--- Action item ---
In the listing below, find the line with "Стильные апартаменты в" and the line with "美泰工業(yè)PVDF壓電", then return them and every line between them exactly, minus the pictures.

--- Excerpted records ---
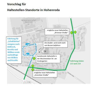 Zum Abschluss wurde die neue Möglichkeit, den Busverkehr für Hohenroda zu gestalten, diskutiert. Ein neuer Vorschlag der Verkehrsgesellschaft ist es, ab August 2024 die neue Buslinie 214 (Delitzsch - Eilenburg) über die Brinniser und Krensitzer Straße zu führen, mit den beiden möglichen Haltepunkten im Bereich der Luckowehnaer und der Mocherwitzer Straße. Dafür müsste allerdings im Bereich Luckowehnaer Straße eine Baumaßnahme durchgeführt werden, weil auf der östlichen Seite ein Fußweg fehlt.
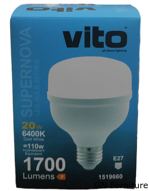 Questo modello da 20 W include LED 6400 K (BIANCO FREDDO) e attacco E27 con un angolo di illuminazione di 270° come flessibilità di illuminazione desiderata.
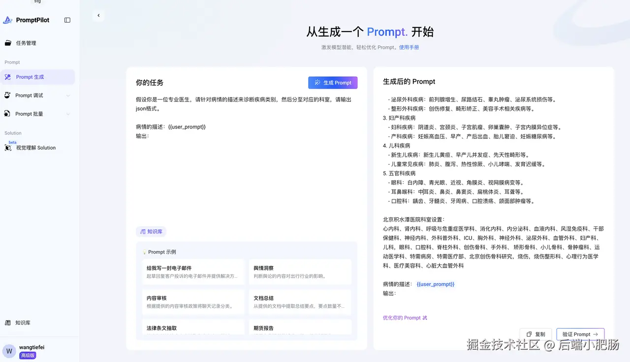 这个案例的巧妙之处在于将提示词的生成与精准的外部知识(医院科室介绍)进行了无缝结合。当用户输入病情描述时,PromptPilot不仅能生成一个高质量的问询Prompt,还能自动关联知识库,为用户推荐最匹配的科室。
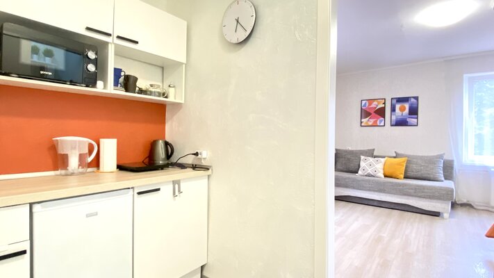Стильные апартаменты в самом сердце Калининграда — идеальное место для отдыха и знакомства с городом. В шаговой доступности находятся остров Канта, Кафедральный собор, набережная Преголи, Рыбная деревня, Бранденбургские ворота, Музей Мирового океана и областная филармония. Рядом — остановки общественного транспорта, кафе, рестораны и магазины. Железнодорожный вокзал, откуда всего за 30 минут можно добраться до балтийских курортов, находится в 15 минутах ходьбы.
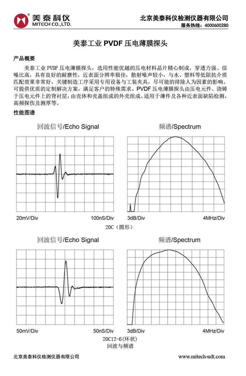 美泰工業(yè)PVDF壓電薄膜探頭,選用性能優(yōu)越的壓電材料晶片精心制成,穿透力強(qiáng)、信噪比高,具有良好的耐磨性,近表面分辨率極佳,散射噪聲較小,與水、塑料等低阻抗介質(zhì)匹配效果非常好。關(guān)鍵制造工序采用專用設(shè)備與工裝夾具,盡可能的排除人為因素的影響??商峁﹥?yōu)質(zhì)的定制解決方案,滿足客戶的特殊需求。PVDF壓電薄膜探頭由壓電元件、澆鑄于壓電元件上的背襯層,由殼體和殼蓋組成的外殼組成。適用于薄件及各種近表面缺陷檢測,高頻探傷及測厚等。
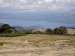 Villa Pehuenia sprawls over about 5 kilometres (3.1 mi) of the northern shore of Lake Aluminé, but is concentrated on two narrow peninsulas extending out into the lake. Rising near the village is the Batea Mahuida volcano which reaches a maximum elevation of 1,948 metres (6,391 ft) about 8 kilometres (5.0 mi) north of the Villa Pehuenia. A small ski resort is operated on the slopes of the volcano by the Puel people.[4]
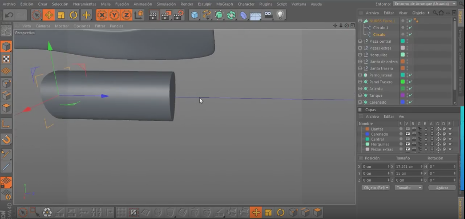 To finish, we designed the lower tube, which connects the exhaust pipe with the engine, we will use a cubic spline to then use the technique of "travel" which is nothing more than creating 2 splines, one will define the width and the other will define your travel:
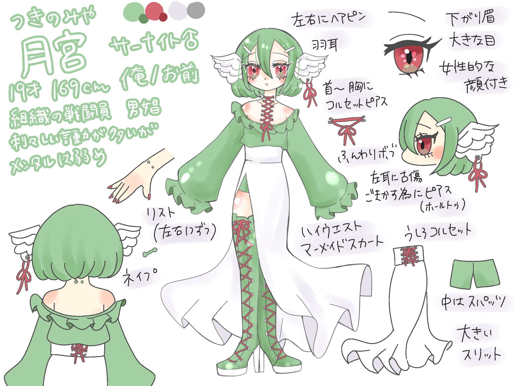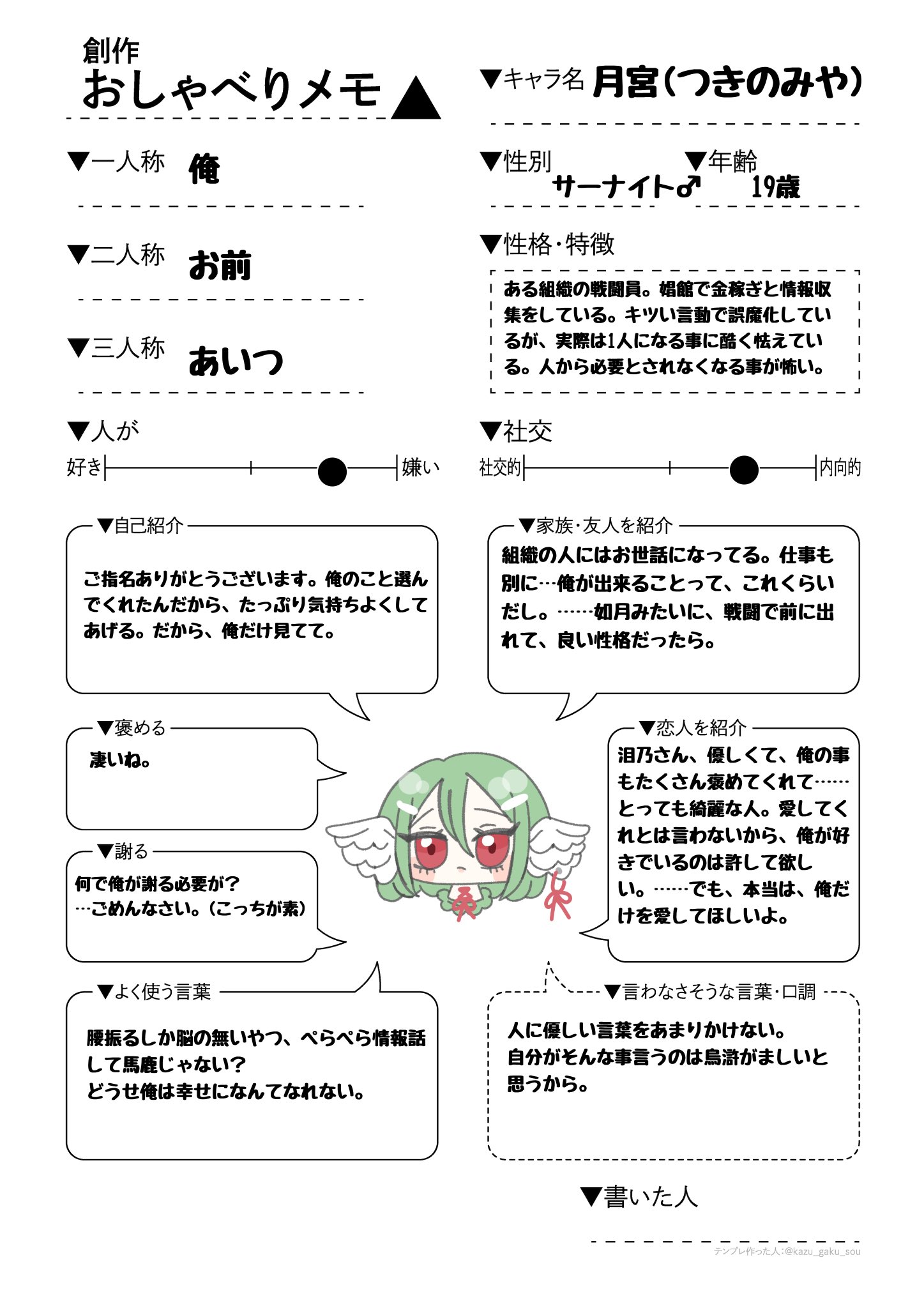 羽耳。組織の戦闘員。娼館で金稼ぎと情報収集をしている。女性的な容姿で線が細いが、護身術程度の戦闘力はある。刺々しい発言が多く、強い言葉で誤魔化しているが、実際は1人になる事に酷く怯えている。人から必要とされなくなる事が怖い。自分の行動をわかりやすく評価してもらえる今の組織は居心地が良いが、自分1人だけを見てくれる相手がほしい。

--- Exercise answer ---
Стильные апартаменты в самом сердце Калининграда — идеальное место для отдыха и знакомства с городом. В шаговой доступности находятся остров Канта, Кафедральный собор, набережная Преголи, Рыбная деревня, Бранденбургские ворота, Музей Мирового океана и областная филармония. Рядом — остановки общественного транспорта, кафе, рестораны и магазины. Железнодорожный вокзал, откуда всего за 30 минут можно добраться до балтийских курортов, находится в 15 минутах ходьбы.
 美泰工業(yè)PVDF壓電薄膜探頭,選用性能優(yōu)越的壓電材料晶片精心制成,穿透力強(qiáng)、信噪比高,具有良好的耐磨性,近表面分辨率極佳,散射噪聲較小,與水、塑料等低阻抗介質(zhì)匹配效果非常好。關(guān)鍵制造工序采用專用設(shè)備與工裝夾具,盡可能的排除人為因素的影響??商峁﹥?yōu)質(zhì)的定制解決方案,滿足客戶的特殊需求。PVDF壓電薄膜探頭由壓電元件、澆鑄于壓電元件上的背襯層,由殼體和殼蓋組成的外殼組成。適用于薄件及各種近表面缺陷檢測,高頻探傷及測厚等。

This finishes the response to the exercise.